Available data:
......

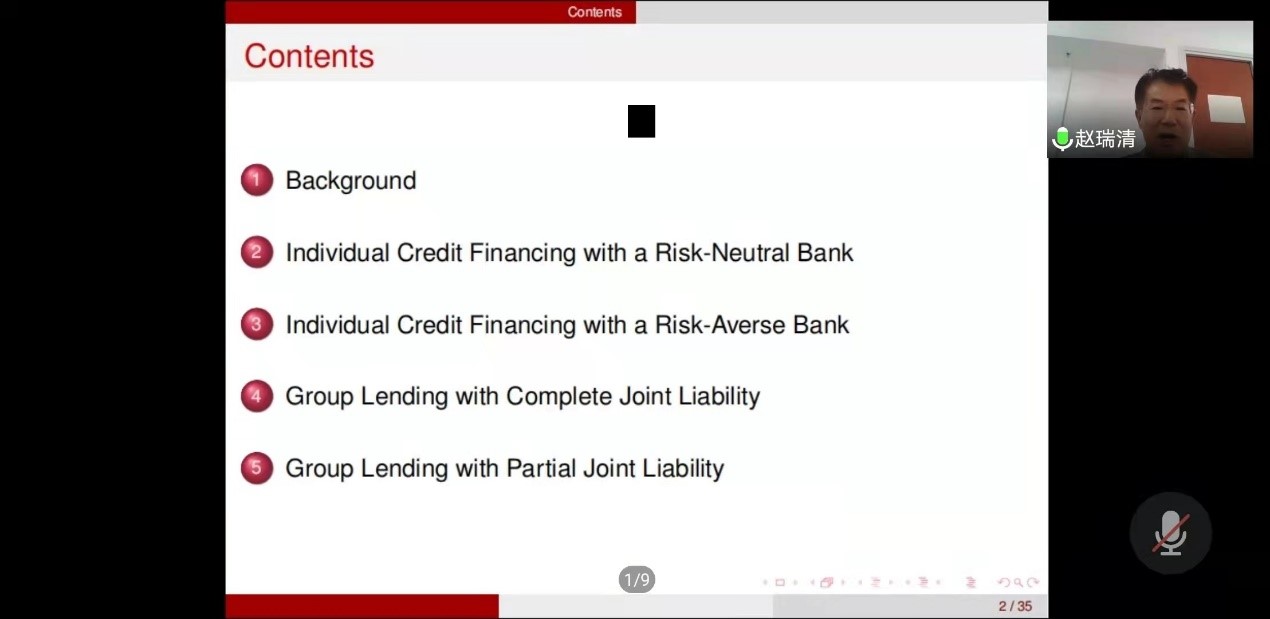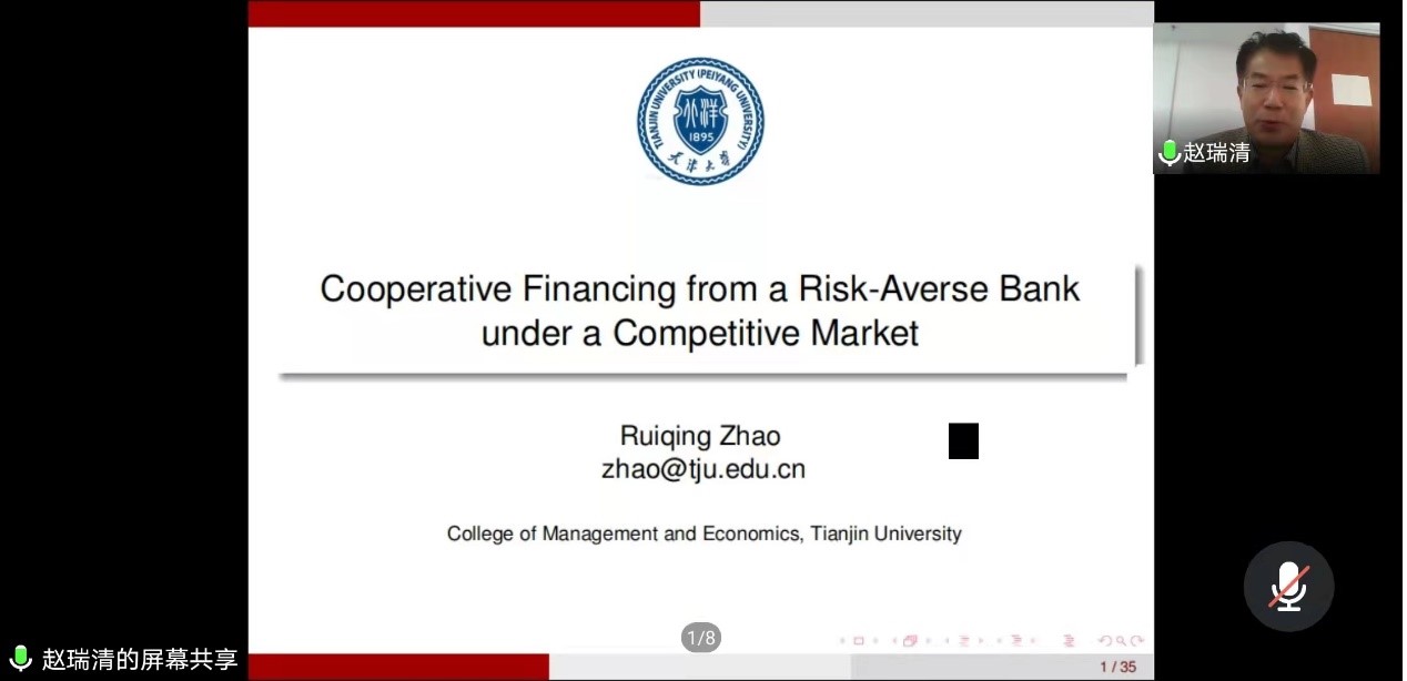 赵瑞清首先概述了中小企业为当地经济做出的贡献,并给出了中国和美国的数据。一方面,许多中小企业需要外部融资来维持经营,另一方面,中小企业在获取融资过程中也面临着挑战。然后,介绍了中小企业的融资模式,中小企业通常通过个体信用贷款(CF)向银行进行融资,但是银行是风险规避的,为了缓解这个问题,银行推出了联保连带(GL),促使在市场上竞争关系的中小企业进行融资合作,但是不受欢迎。随后,通过建立一个供应链模型进行实证分析,以往文章进行对比,赵瑞清假设银行对中小企业是风险规避的,并且舍去了核心企业,选择关系比较亲密的中小微企业,分析显示,CF和GL都降低了零售商的利润问题。最后,赵瑞清教授开发了一种双赢的部分连带责任模式(GP),可以改善GL的短缺。报告结束之后,赵老师与师生进行了交流讨论。
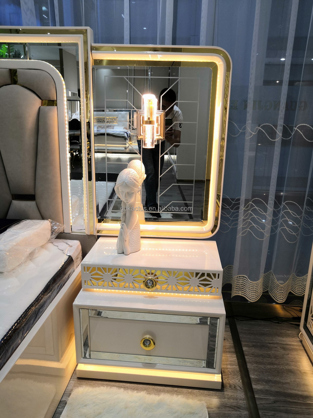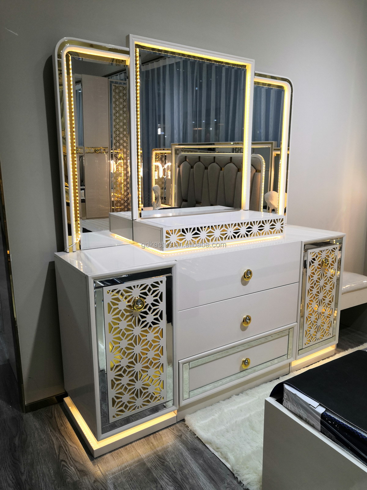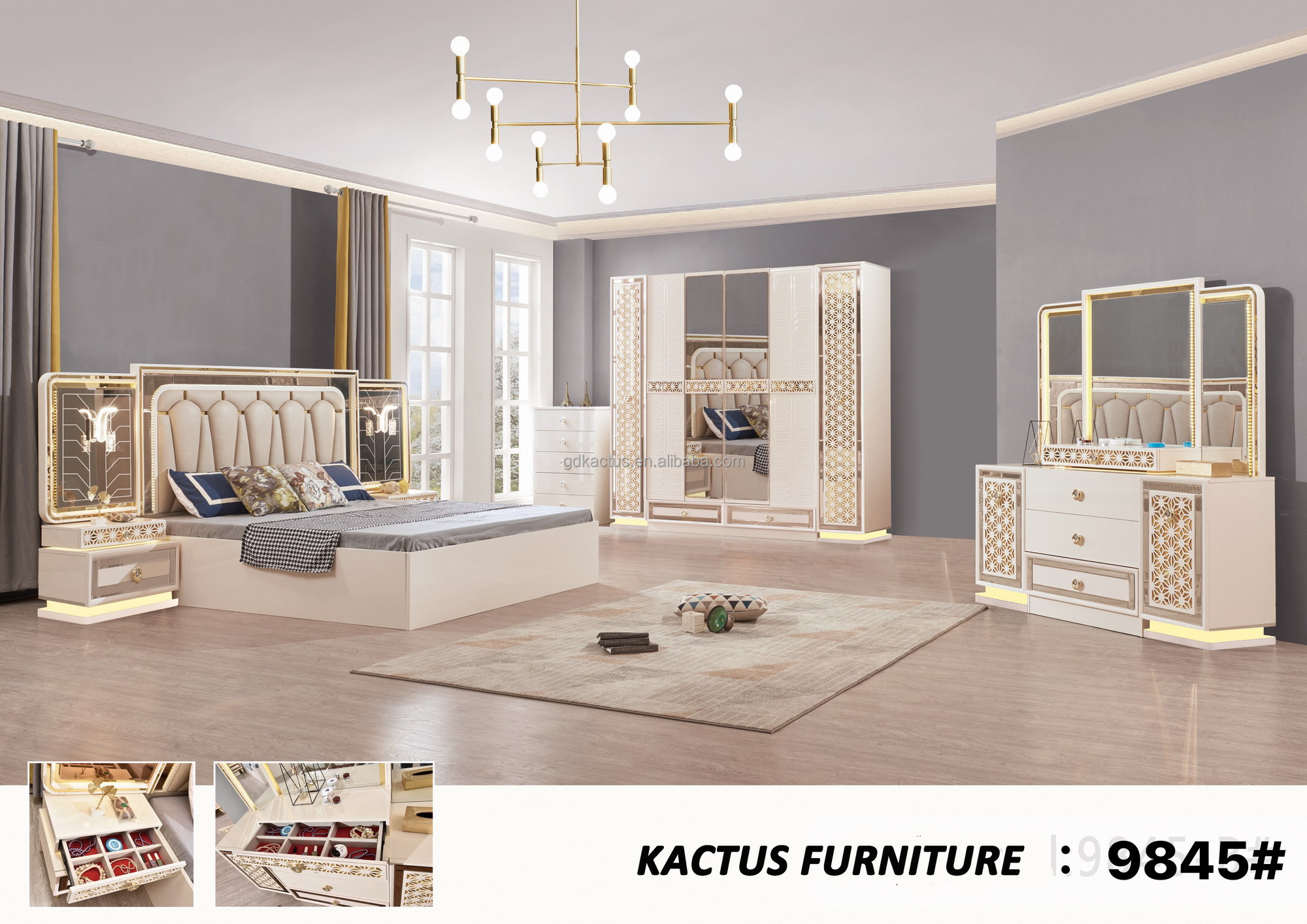 غرفة نوم كاملة بتصميم فخم مكونة من سرير فاخر مع 2 كمودينة جانبية للسرير و خزانة ملابس كلاسيكية فخمة و تسريحة شيك
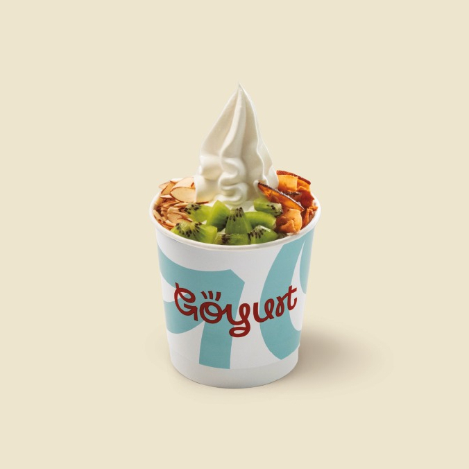 Go Classic de Yogurt Helado (150gr) con dos toppings y una salsa a elección.

......

What is needed is the listing above, repeated verbatim, without its images.

Result of this task:
 赵瑞清首先概述了中小企业为当地经济做出的贡献,并给出了中国和美国的数据。一方面,许多中小企业需要外部融资来维持经营,另一方面,中小企业在获取融资过程中也面临着挑战。然后,介绍了中小企业的融资模式,中小企业通常通过个体信用贷款(CF)向银行进行融资,但是银行是风险规避的,为了缓解这个问题,银行推出了联保连带(GL),促使在市场上竞争关系的中小企业进行融资合作,但是不受欢迎。随后,通过建立一个供应链模型进行实证分析,以往文章进行对比,赵瑞清假设银行对中小企业是风险规避的,并且舍去了核心企业,选择关系比较亲密的中小微企业,分析显示,CF和GL都降低了零售商的利润问题。最后,赵瑞清教授开发了一种双赢的部分连带责任模式(GP),可以改善GL的短缺。报告结束之后,赵老师与师生进行了交流讨论。
 غرفة نوم كاملة بتصميم فخم مكونة من سرير فاخر مع 2 كمودينة جانبية للسرير و خزانة ملابس كلاسيكية فخمة و تسريحة شيك
 Go Classic de Yogurt Helado (150gr) con dos toppings y una salsa a elección.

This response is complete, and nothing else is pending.